General characteristics
- Class & type: Kagerō-class destroyer
- Displacement: 2,033 long tons (2,066 t) standard
- Length: 118.5 m (388 ft 9 in)
- Beam: 10.8 m (35 ft 5 in)
- Draft: 3.8 m (12 ft 6 in)
- Propulsion: 3 × Kampon water tube boilers; 2 × Kanpon impulse turbines; 2 × shafts, 52,000 shp (39 MW);
- Speed: 35.5 knots (40.9 mph; 65.7 km/h)
- Range: 6,053 NM at 18 knots (21 mph; 33 km/h)
- Complement: 239
- Armament: (1939); 6 × 12.7 cm/50 Type 3 DP guns; 2 × Type 96 25 mm AA guns; 8 × 610 mm (24 in) torpedo tubes; 18 depth charges; 2 × paravanes; (1944); 4 × 12.7 cm/50 Type 3 DP guns; 28 × Type 96 25 mm AA guns; 8 × 610 mm (24 in) torpedo tubes; 36 depth charges;

= Japanese destroyer Shiranui (1938) =

Kagerō-class destroyer

Shiranui (不知火, Phosphorescent Light) was the second vessel to be commissioned in the 19-vessel destroyers built for the Imperial Japanese Navy in the late 1930s under the Circle Three Supplementary Naval Expansion Program (Maru San Keikaku).

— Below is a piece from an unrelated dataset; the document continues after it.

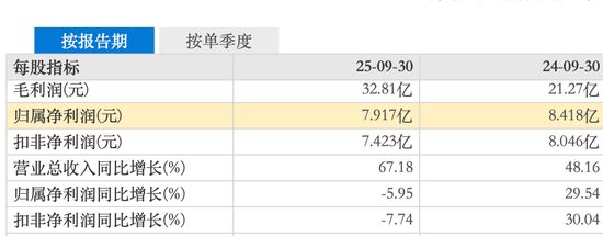 归母净利润7.92亿,同比下滑近6%,扣非净利润同比下滑7.74%。

Shiranui operated with the Kido Butai aircraft carrier force for the first few months of WW2, including taking part in the Pearl Harbor strike force. The only break from this came at the beginning of March, where Shiranui involved herself in a small surface action when she helped to sink the Dutch freighter Modjokerto. Shortly after escorting troop convoys during the battle of Midway, Shiranui's entire forward 3rd was blown off by a torpedo from the submarine USS Growler. Repairs lasted until the end of 1943, with the damaging being extensively photographed. After a series of patrol duties, she took part in the battle of Leyte Gulf, nearly surviving the battle, but being sunk with all hands by dive bombers from USS Enterprise during its final stages.

==Background==
The Kagerō class was an enlarged and improved version of the preceding Asashio class of destroyers. Their crew numbered 240 officers and enlisted men. The ships measured 118.5 meters (388 ft 9 in) overall, with a beam of 10.8 meters (35 ft 5 in) and a draft of 3.76 meters (12 ft 4 in). They displaced 2,065 metric tons (2,032 long tons) at standard load and 2,529 metric tons (2,489 long tons) at deep load. The ships had two Kampon geared steam turbines, each driving one propeller shaft, using steam provided by three Kampon water-tube boilers. The turbines were rated at a total of 52,000 shaft horsepower (39,000 kW) for a designed speed of 35 knots (65 km/h; 40 mph). However, the class proved capable of exceeding 35.5 knots on sea trials. The ships were designed with a range of 5,000 nautical miles (9,300 km; 5,800 mi) at a speed of 18 knots (33 km/h; 21 mph). However, the class more accurately proved to have a range of 6,053 nautical miles (11,210 km; 6,966 mi) on trials.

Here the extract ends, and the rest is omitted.